WORK TASK ::
Please output the section of the listing below that opens with the line containing "自分の釣りで確立したと言って" and closes with the line containing "This feature, called", exactly and with nothing else.

AVAILABLE DATA ::
========================================================================

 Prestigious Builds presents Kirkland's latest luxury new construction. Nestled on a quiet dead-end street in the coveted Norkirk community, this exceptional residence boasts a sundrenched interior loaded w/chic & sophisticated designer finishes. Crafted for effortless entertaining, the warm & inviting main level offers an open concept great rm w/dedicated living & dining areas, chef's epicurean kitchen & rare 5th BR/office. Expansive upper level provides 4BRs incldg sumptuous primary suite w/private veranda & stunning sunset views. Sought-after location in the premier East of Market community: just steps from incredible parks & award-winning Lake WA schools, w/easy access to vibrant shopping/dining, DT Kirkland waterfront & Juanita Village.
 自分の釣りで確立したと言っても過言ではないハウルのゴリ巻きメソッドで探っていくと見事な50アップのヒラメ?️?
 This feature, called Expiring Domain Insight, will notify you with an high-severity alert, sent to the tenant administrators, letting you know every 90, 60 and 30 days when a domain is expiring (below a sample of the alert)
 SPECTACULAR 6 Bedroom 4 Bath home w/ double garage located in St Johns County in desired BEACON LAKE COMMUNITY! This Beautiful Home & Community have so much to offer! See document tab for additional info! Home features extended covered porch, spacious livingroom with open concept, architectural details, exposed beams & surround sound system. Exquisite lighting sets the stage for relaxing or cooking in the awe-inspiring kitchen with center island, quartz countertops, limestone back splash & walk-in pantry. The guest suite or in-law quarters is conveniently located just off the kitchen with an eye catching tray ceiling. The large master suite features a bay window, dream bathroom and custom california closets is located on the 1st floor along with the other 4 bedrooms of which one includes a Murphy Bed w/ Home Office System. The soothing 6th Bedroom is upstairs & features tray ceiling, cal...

========================================================================

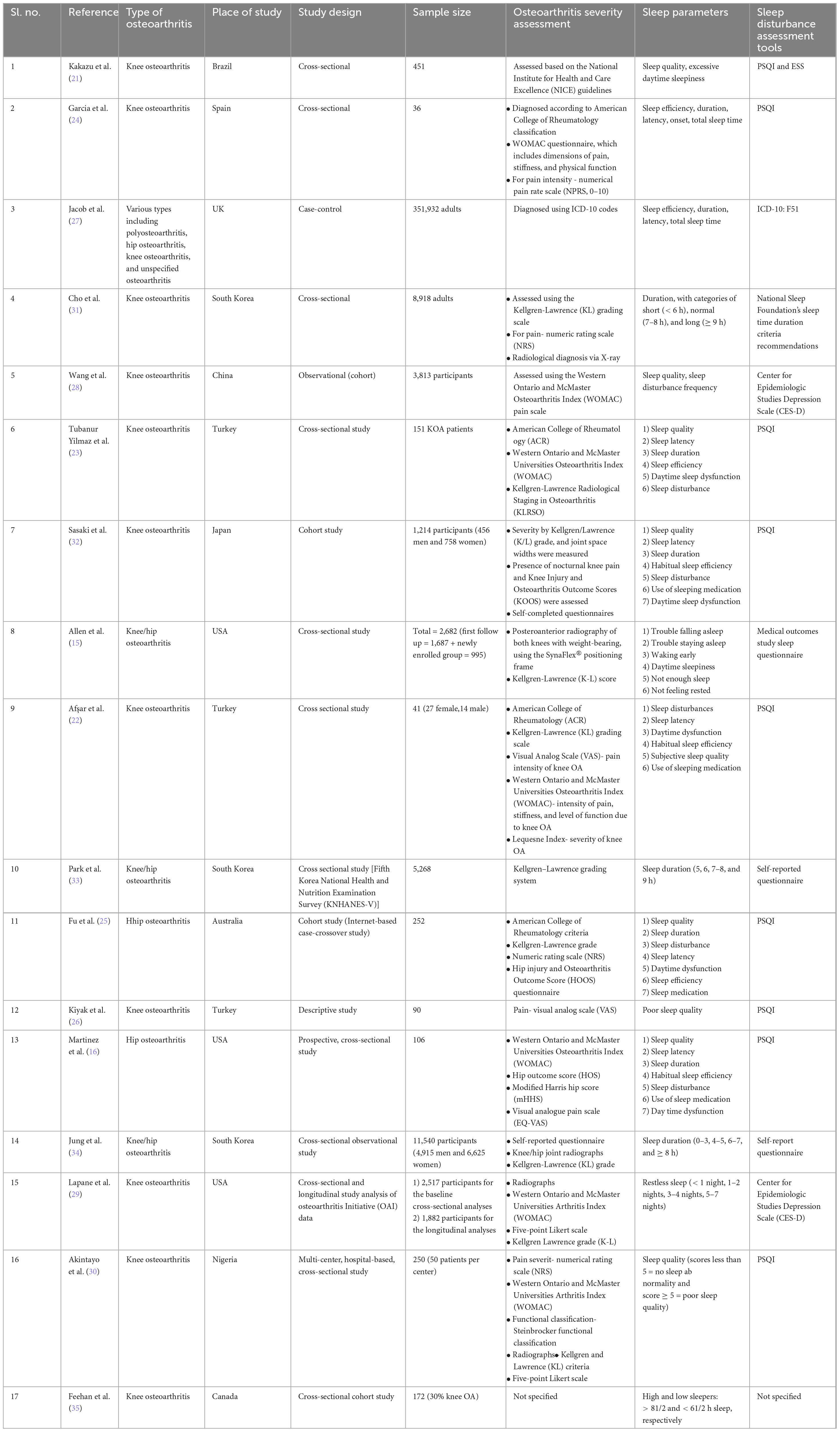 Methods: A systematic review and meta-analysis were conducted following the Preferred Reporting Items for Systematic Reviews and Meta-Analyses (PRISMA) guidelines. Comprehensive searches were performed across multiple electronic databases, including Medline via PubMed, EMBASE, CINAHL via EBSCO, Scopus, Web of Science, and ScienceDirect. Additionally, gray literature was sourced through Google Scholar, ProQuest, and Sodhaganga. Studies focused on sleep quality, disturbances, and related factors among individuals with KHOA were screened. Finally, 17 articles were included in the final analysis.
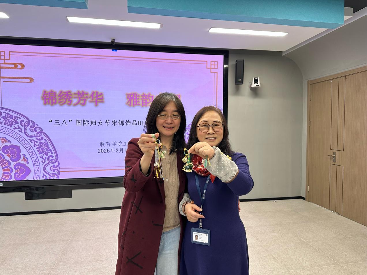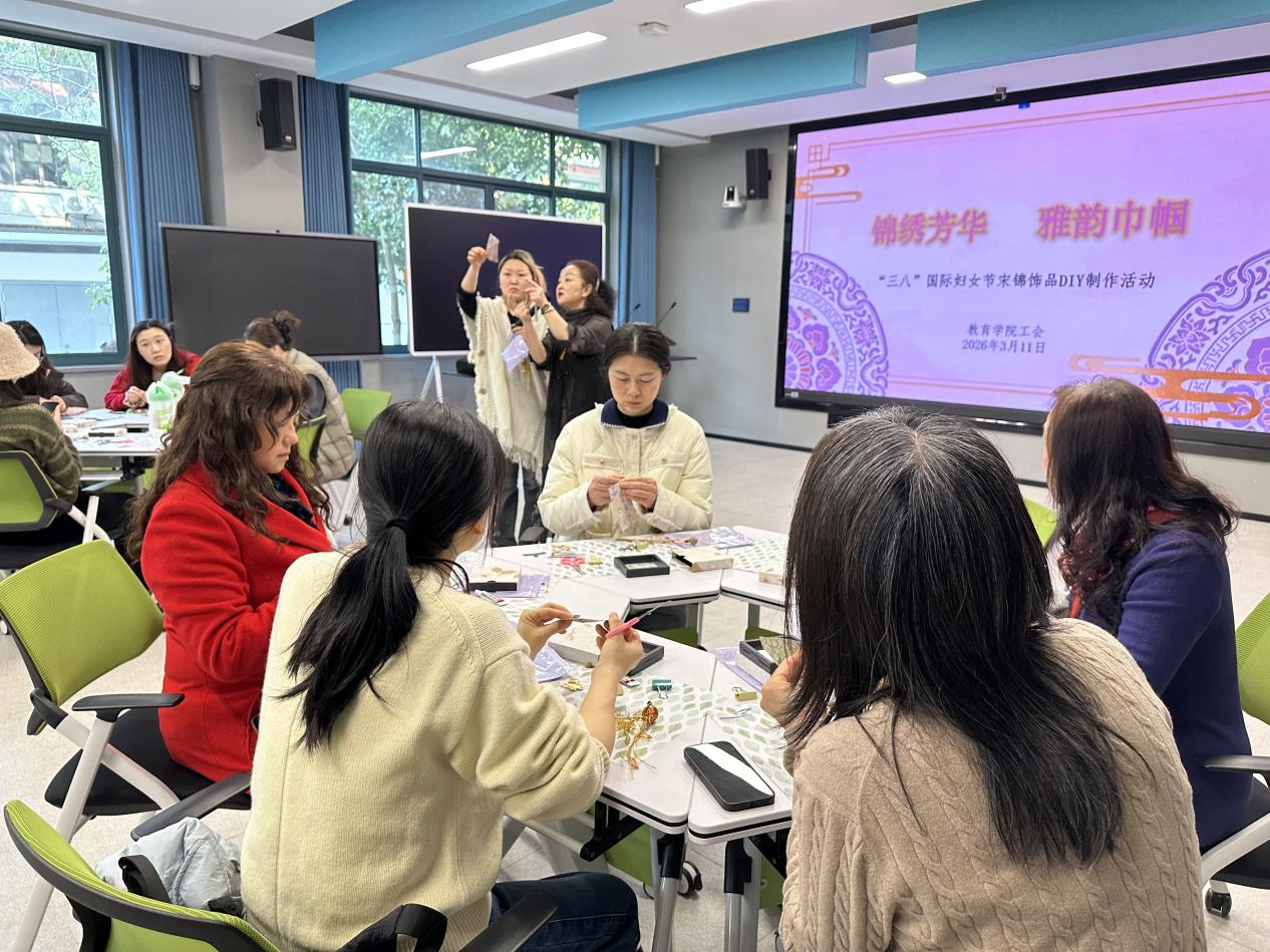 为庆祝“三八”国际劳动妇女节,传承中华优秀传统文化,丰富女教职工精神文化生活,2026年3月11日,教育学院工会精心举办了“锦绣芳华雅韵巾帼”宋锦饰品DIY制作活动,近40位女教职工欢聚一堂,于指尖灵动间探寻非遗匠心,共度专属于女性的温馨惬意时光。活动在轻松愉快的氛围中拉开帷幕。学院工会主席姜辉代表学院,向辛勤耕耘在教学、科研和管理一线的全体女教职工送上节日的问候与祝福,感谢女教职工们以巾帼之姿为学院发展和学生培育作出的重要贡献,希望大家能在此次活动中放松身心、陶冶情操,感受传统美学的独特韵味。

========================================================================

RESULT FOR THIS TASK ::
 自分の釣りで確立したと言っても過言ではないハウルのゴリ巻きメソッドで探っていくと見事な50アップのヒラメ?️?
 This feature, called Expiring Domain Insight, will notify you with an high-severity alert, sent to the tenant administrators, letting you know every 90, 60 and 30 days when a domain is expiring (below a sample of the alert)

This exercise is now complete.